The method for optimizing that forms oxide layer in Fig. 4 A and Fig. 4 B is anodic oxidation, and in the time of in this way, the superficial layer of processed battery is dipped in the weak electrolyte (as borate, phosphate or carbonate) and applies voltage.Owing to applied voltage, between chemically inert electrode and contacting metal (aluminium-silicon eutectic), had electric current to flow through.Reach to 700V (14 dusts/V or 1.4nm/V) if drive the voltage of oxidation current, then the thickness of anodic oxide coating can reach 1 μ m.This oxide layer is fine and close and do not have a pin hole.Owing to make Ohm contact electrode must for contact main grid line (shown in the zone 110 among Fig. 7) intact man-hour at photocell, thereby make contact electrodes for exposed aluminum strip 70, so must forbid generating anodic oxide coating (this main grid line district in the anodic oxidation operation must conductively-closed) in main grid line district.A kind of compression of a kind of method of doing like this, however be that the shared area of medium and main grid line of conduction contacts, and for example usefulness is soaked the closed pore sponge of carbon.Because closed pore sponge Electolyte-absorptive not, therefore the most handy it.
Except anodic oxidation, the present invention can adopt any other method that is used for isolating aluminium or aluminium-silicon eutectic layer, for example aluminium oxide in containing oxygen plasma.
In that to generate oxide layer by anodic oxidation or other suitable method after 80s, in order to make negative contact metal layer aluminium deposit thereon, the n type silicon face at the surface region 90 in aluminum strip gap that is covered with oxide layer must come out.Like this, referring to Fig. 5 A and Fig. 5 B, they have illustrated how oxide layer is removed from the silicon layer of carrying on the back the surface, and do not remove the oxide layer that covers on the aluminum strip 70.The method for optimizing of accomplishing this point is with hydrofluoric acid etching and remove SiO in the gap optionally 2(silicon dioxide) 20 is because hydrofluoric acid discord Al 2O 3(aluminium oxide) works, thereby Al 2O 3Can not remove.As a result, the SiO in the gap 2Be removed, and cover Al on the aluminum strip contact electrode 70 2O 3Insulating barrier still keeps, referring to Fig. 5 B.Also available other has the chemicals of similar effect, or with the technology of other deoxidation layer, for example use weak sand milling (lightsandblasting) method of silicon dioxide layer, this method also has the benefit that makes the weak damage of silicon chip surface that exposes, and this is of value to the ohmic contact with n type base.Used weak sanding method just needn't form n at the back side of battery +Diffusion layer 3 is used n +Diffusion layer mainly also is to benefit ohmic contact, and also available reactive ion etching (RIE) is removed SiO 2And reservation Al 2O 3The also available weak injured surface of ion milling that is similar to sand milling is beneficial to ohmic contact.

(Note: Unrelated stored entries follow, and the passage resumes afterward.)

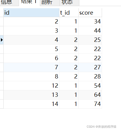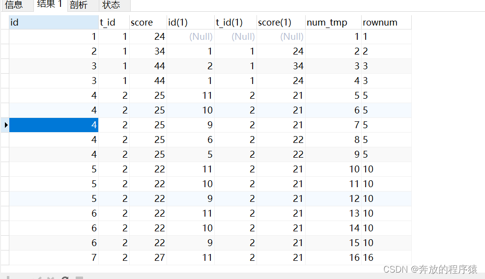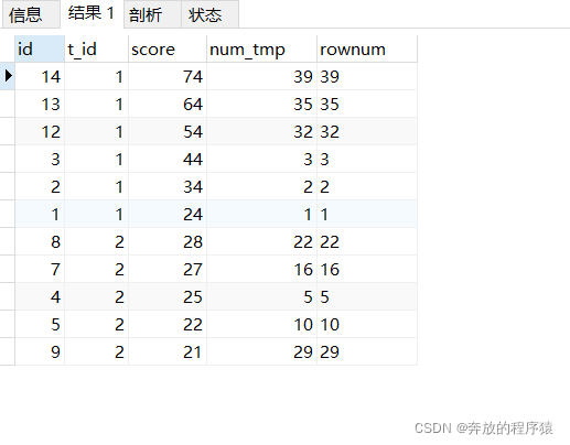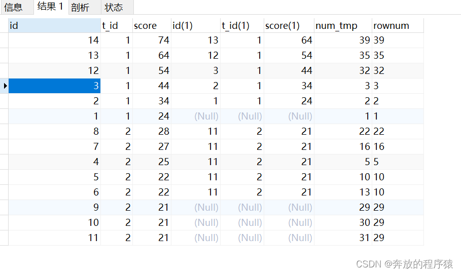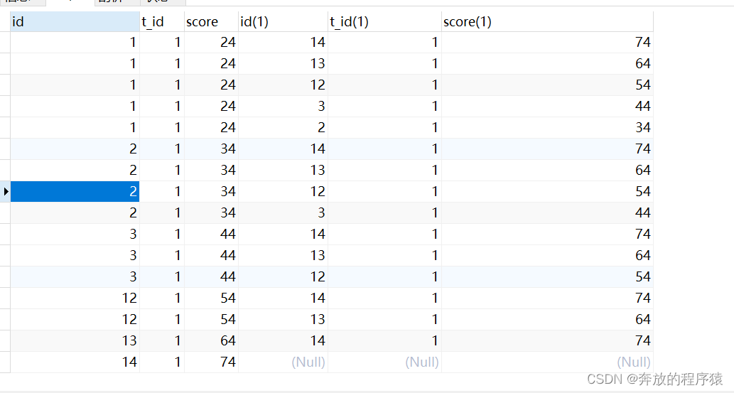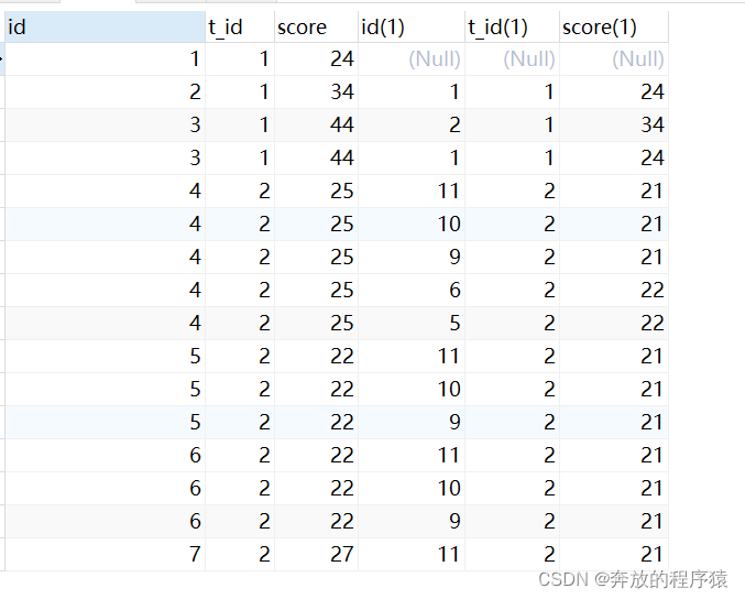 1.自身左外连接,得到所有的左边值小于右边值的集合。以t_id=1时举例,24有5个成绩大于他的(74、64、54、44、34),是第6名,34只有4个成绩大于他的,是第5名......74没有大于他的,是第一名。
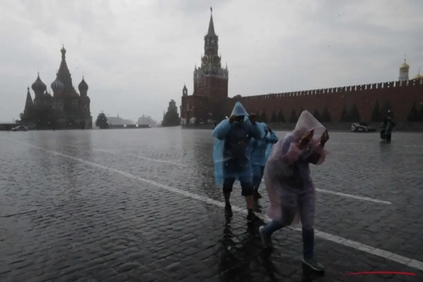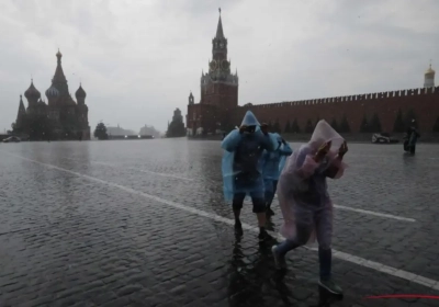 Er is gisteren een enorme storm uitgebroken boven Rusland. Het water viel met bakken tegelijk naar beneden. Dat heeft de reisplannen van heel wat fans letterlijk in het water doen vallen.
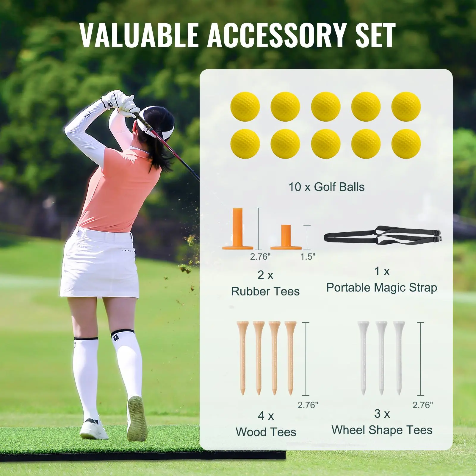 • Valuable Accessory Set: The golf mat set comes with a comprehensive accessory set, making it perfect for both indoor and outdoor use. The set includes 10 golf balls, 4 wood tees, 3 wheel-shaped tees, 2 rubber tees, and a portable magic strap. Note: Do not place the mat outdoors for a long time.
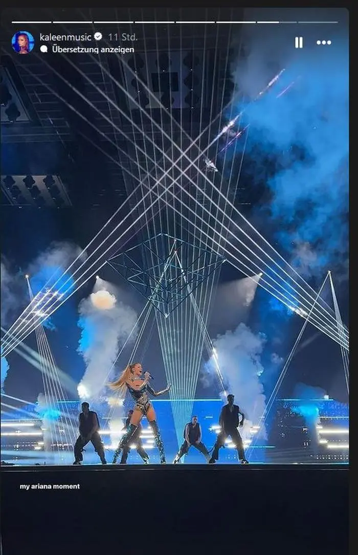 Die 29-Jährige scheint die Auftritte auf der Bühne voll und ganz zu genießen. „Mein Ariana Moment“, schreibt sie unter ein Foto auf Instagram, bei dem sie in einem „Ariana Grande“-Gedächtnisoutfit zu sehen ist. Sie hat sich für einen hohen Zopf und einen silbernen Body mit Glitzer und Lederdetails entschieden. Kombiniert wird das auffällige Kostüm mit Overknee-Stiefeln in Silber-Optik.
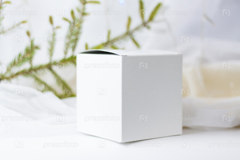 Белая подарочная коробка, шаблон коробки, макет на светлом фоне с веточкой, если. Выборочный фокус. концепция Рождества и Нового года
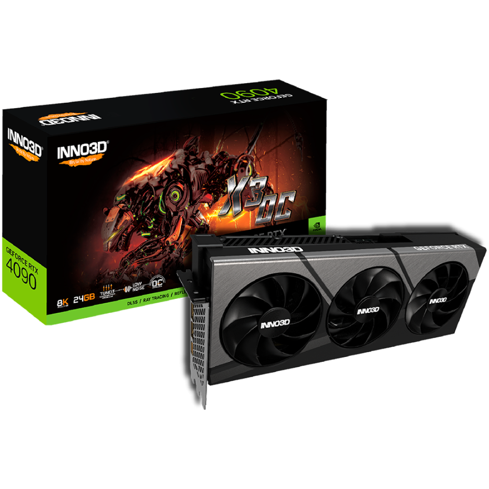 INNO3D NVIDIA Video Card RTX 4090 X3 OC 24GB GDDR6X 384bit, 2520MHz / 21Gbps, 3x DP, 1x HDMI, 3 fan, 3 slot
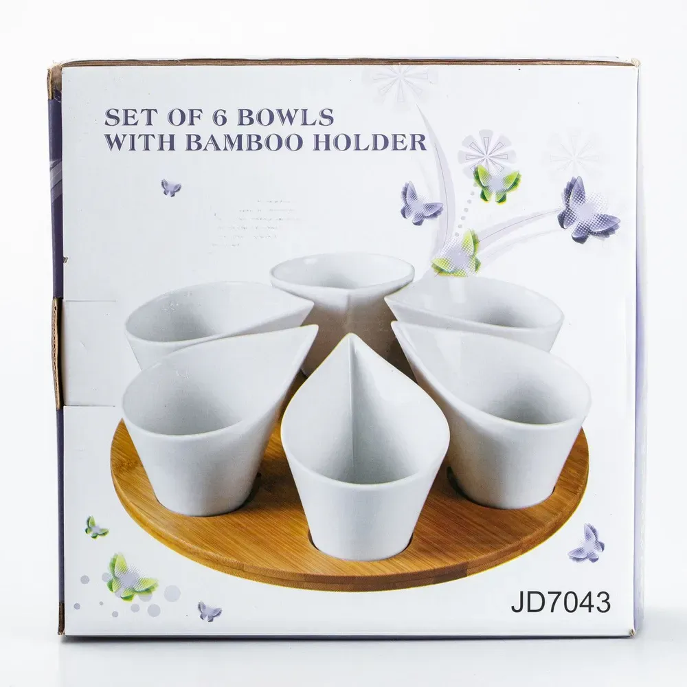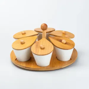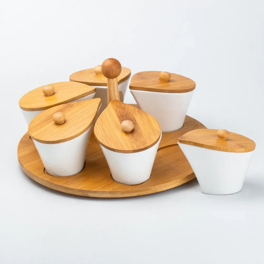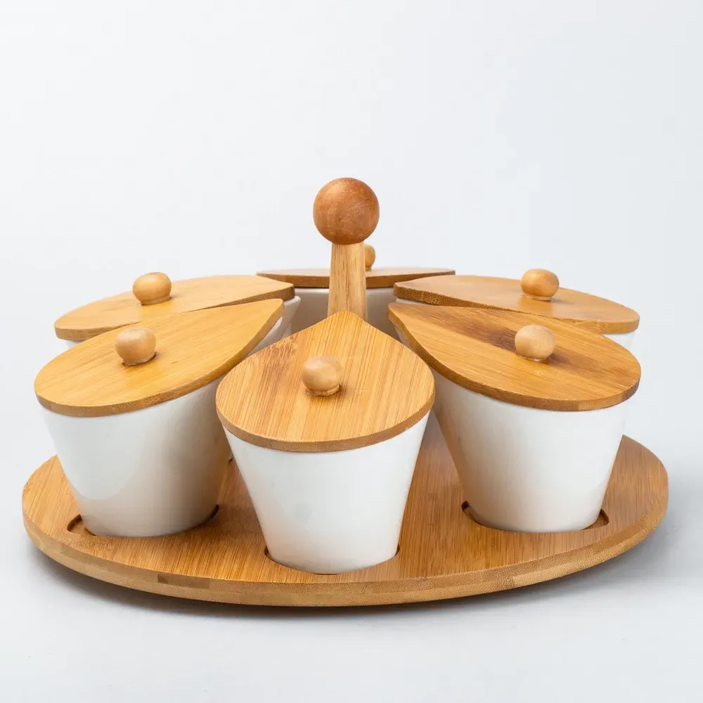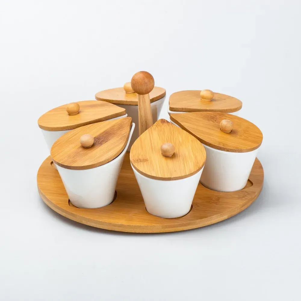 Набір керамічних баночок для приправ з ложкою та бамбуковою кришкою. Набір складається із шести банок для спецій. Висота банки 9.5 см, діаметр 28 см.
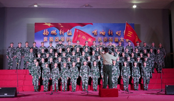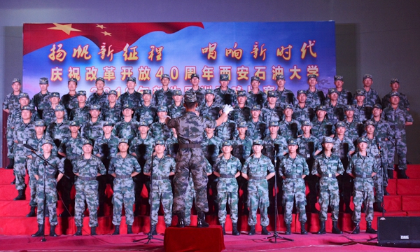 9月17日晚,我校“揚(yáng)帆新征程,唱響新時(shí)代——慶祝改革開放40周年西安石油大學(xué)2018級(jí)新生軍訓(xùn)歌詠比賽”在鄠邑校區(qū)西田徑場舉行。軍訓(xùn)領(lǐng)導(dǎo)小組組長、校黨委副書記張木,軍訓(xùn)旅司令部參謀長劉廣出席活動(dòng)。學(xué)生工作處、保衛(wèi)處、校團(tuán)委、教務(wù)處、鄠邑校區(qū)管理辦公室等相關(guān)部門負(fù)責(zé)人擔(dān)任評(píng)委,各院(系)軍訓(xùn)工作負(fù)責(zé)人及2018級(jí)全體新生一同觀看了比賽。
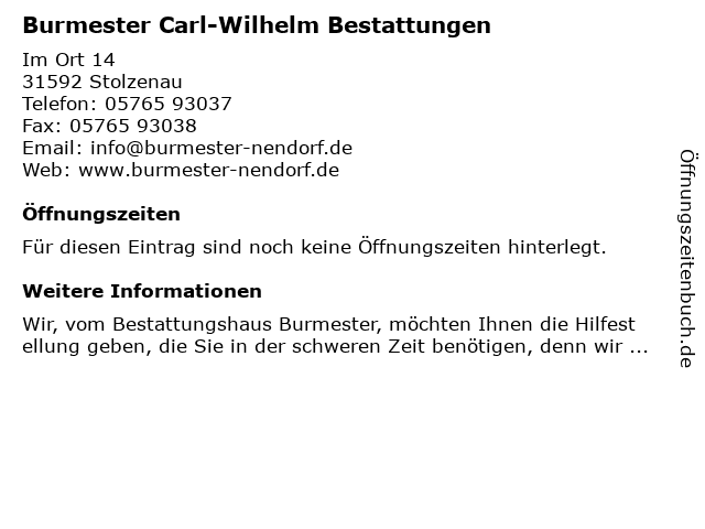 | Burmester Carl-Wilhelm Bestattungen anrufen | |
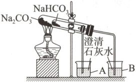 (填“>”或“<”)${NaHCO_{3}}$。(4)证明热稳定性的实验装置中,
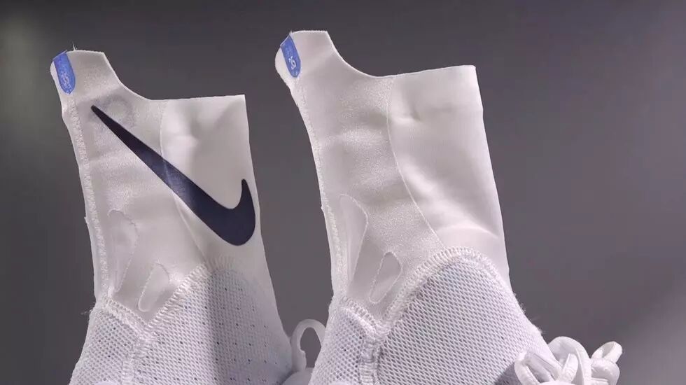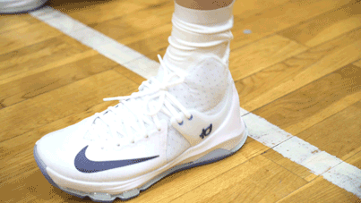 接下来重点来啦!鞋帮直接连接小腿的丝袜设计!不对不对,是压缩袜!这个设计让KD8 Elite超越了Kobe 9 Elite和AJ XX8,成为了史上鞋帮最高的篮球鞋!这个设计比较挑穿着者的腿型,特别适合杜兰特这样小腿又长又细的人,小腿粗壮和小腿短的穿起来的效果可能就没那么好了吧。

Fig. 6 A and Fig. 6 B have illustrated next step operation in the solar cell manufacture process of the present invention, promptly form the negative metal ohmic contact (for the contact of n type silicon layer) of autoregistration with the second layer metal layer.This second layer metal can be any suitable contacting metal, comprises aluminium and silver.Silk screen printing also is the method for optimizing of this second layer metal of deposit, also can adopt other method such as for example electron beam evaporation or sputter etc.This second layer metal layer that is expressed as metal level 100 has almost covered the whole back side of battery.By anodic oxide coating 80 this second layer metal and ground floor Metal Contact bar 70 isolated, and the n of 70 of this second layer metal and the bonding jumpers that form by ground floor deposit aluminium lamination +District 90 forms ohmic contact.The second layer metal layer also helps to form back of the body surface light reflector, will be for the first time by silicon materials the time in the unabsorbed light reflected back silicon materials.
Fig. 7 represents the solar cell of the completion seen from the back side, is covered with second layer metal (aluminium or other ohmic metal) or aluminium-silicon eutectic on the battery.This solar cell of the present invention has one without any the front surface that blocks, and compares with traditional solar cell, and this is a great advantage.Overleaf, two metal contact layers (ohmic metal contact layer 70 and 100) also play the local light reflector except as the ohmic contact layer.In addition, since the outside that the design need not make inconvenience just-anti-internal element contact (external front-to-back inter-cell contacts), and use more " mounted on surface " technological designs that do not need this contact, therefore the design of the main grid line of solar cell of the present invention makes battery be interconnected as the form of serial connection simply.
Referring to Fig. 7, wherein expressed main grid line district 110, it is zoneofoxidation not, as previously described, the main grid line contacts from leading to the positive contacting metal bar of ground floor 70a here.Main grid line district 110 seems may be littler than the area that is covered by negative contact metal layer 100, but positive Metal Contact district and negative Metal Contact district the two all be of value to the mounted on surface design of assembly type.Aluminium-silicon eutectic interdigital 70 stretches away from the main grid line 110 of Fig. 7 vertically upward, but owing to be covered with by second layer metal 100, therefore cannot see in the drawings.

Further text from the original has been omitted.